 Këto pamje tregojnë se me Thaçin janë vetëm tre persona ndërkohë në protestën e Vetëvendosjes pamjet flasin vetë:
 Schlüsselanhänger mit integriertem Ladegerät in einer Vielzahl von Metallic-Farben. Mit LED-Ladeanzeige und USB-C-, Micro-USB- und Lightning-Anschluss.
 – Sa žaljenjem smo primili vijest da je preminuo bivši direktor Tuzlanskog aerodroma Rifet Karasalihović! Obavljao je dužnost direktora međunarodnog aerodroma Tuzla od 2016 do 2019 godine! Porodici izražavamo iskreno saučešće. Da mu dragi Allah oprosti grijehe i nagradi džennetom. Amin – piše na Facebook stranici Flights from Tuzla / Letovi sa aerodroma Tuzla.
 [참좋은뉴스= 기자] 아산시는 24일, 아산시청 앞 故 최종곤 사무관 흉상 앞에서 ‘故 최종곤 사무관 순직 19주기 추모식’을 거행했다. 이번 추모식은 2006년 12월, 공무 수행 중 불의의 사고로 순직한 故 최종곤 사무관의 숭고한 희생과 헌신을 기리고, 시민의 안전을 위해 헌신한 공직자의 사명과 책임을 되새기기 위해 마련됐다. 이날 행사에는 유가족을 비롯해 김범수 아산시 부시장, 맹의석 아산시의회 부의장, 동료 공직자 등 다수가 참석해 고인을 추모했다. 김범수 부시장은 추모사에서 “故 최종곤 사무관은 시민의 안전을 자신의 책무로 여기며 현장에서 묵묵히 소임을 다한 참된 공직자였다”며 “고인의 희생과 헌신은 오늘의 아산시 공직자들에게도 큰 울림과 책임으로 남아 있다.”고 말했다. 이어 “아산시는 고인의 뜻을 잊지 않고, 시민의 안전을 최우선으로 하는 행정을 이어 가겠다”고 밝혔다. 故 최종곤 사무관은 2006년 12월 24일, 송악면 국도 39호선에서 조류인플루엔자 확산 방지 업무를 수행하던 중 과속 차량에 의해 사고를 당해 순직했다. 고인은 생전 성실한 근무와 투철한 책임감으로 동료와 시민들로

+===+

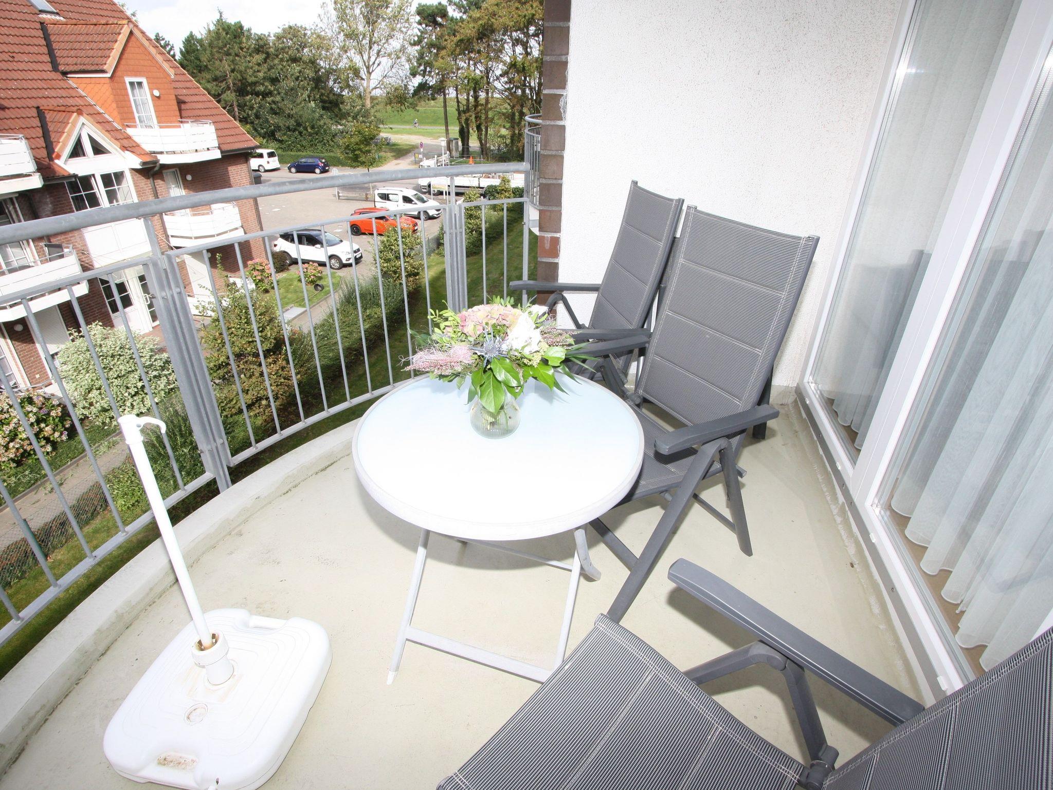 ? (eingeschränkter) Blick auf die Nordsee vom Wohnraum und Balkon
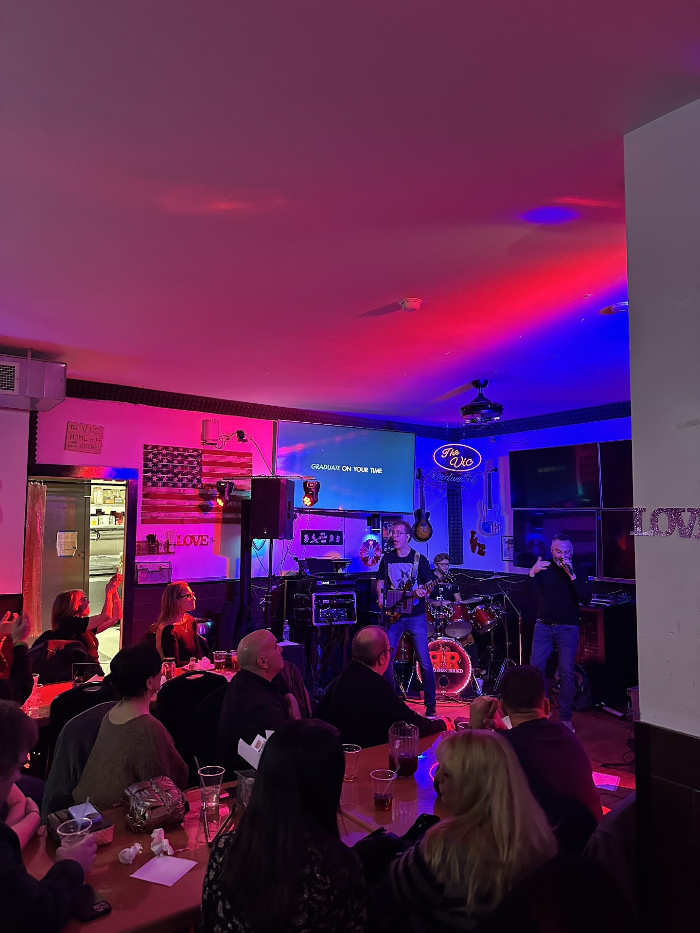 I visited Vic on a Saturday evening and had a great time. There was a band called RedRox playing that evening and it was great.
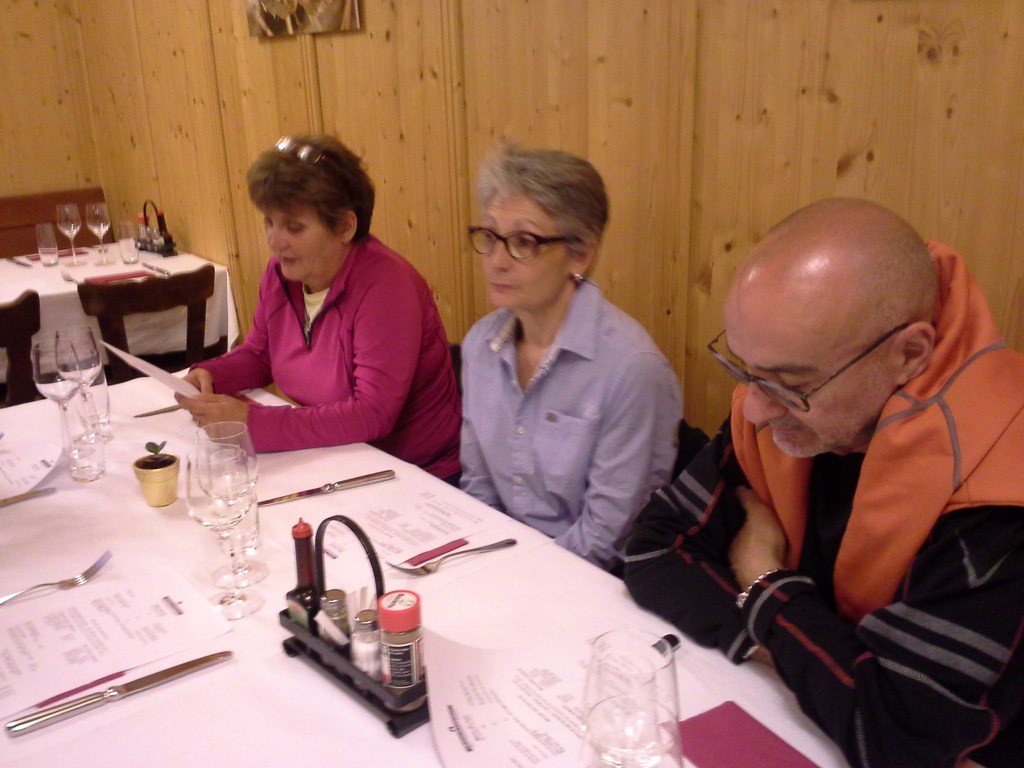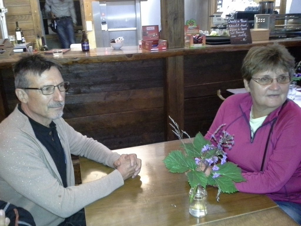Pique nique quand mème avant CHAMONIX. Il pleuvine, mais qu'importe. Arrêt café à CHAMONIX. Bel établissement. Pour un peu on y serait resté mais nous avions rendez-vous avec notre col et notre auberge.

+===+

*EXERCISE*
Only one stretch of the listing is wanted: the lines starting at the one with "Wohnraum und Balkon" and ending at the one with "Pique nique quand", copied exactly and free of pictures.

*EXPECTED ANSWER*
 ? (eingeschränkter) Blick auf die Nordsee vom Wohnraum und Balkon
 I visited Vic on a Saturday evening and had a great time. There was a band called RedRox playing that evening and it was great.
Pique nique quand mème avant CHAMONIX. Il pleuvine, mais qu'importe. Arrêt café à CHAMONIX. Bel établissement. Pour un peu on y serait resté mais nous avions rendez-vous avec notre col et notre auberge.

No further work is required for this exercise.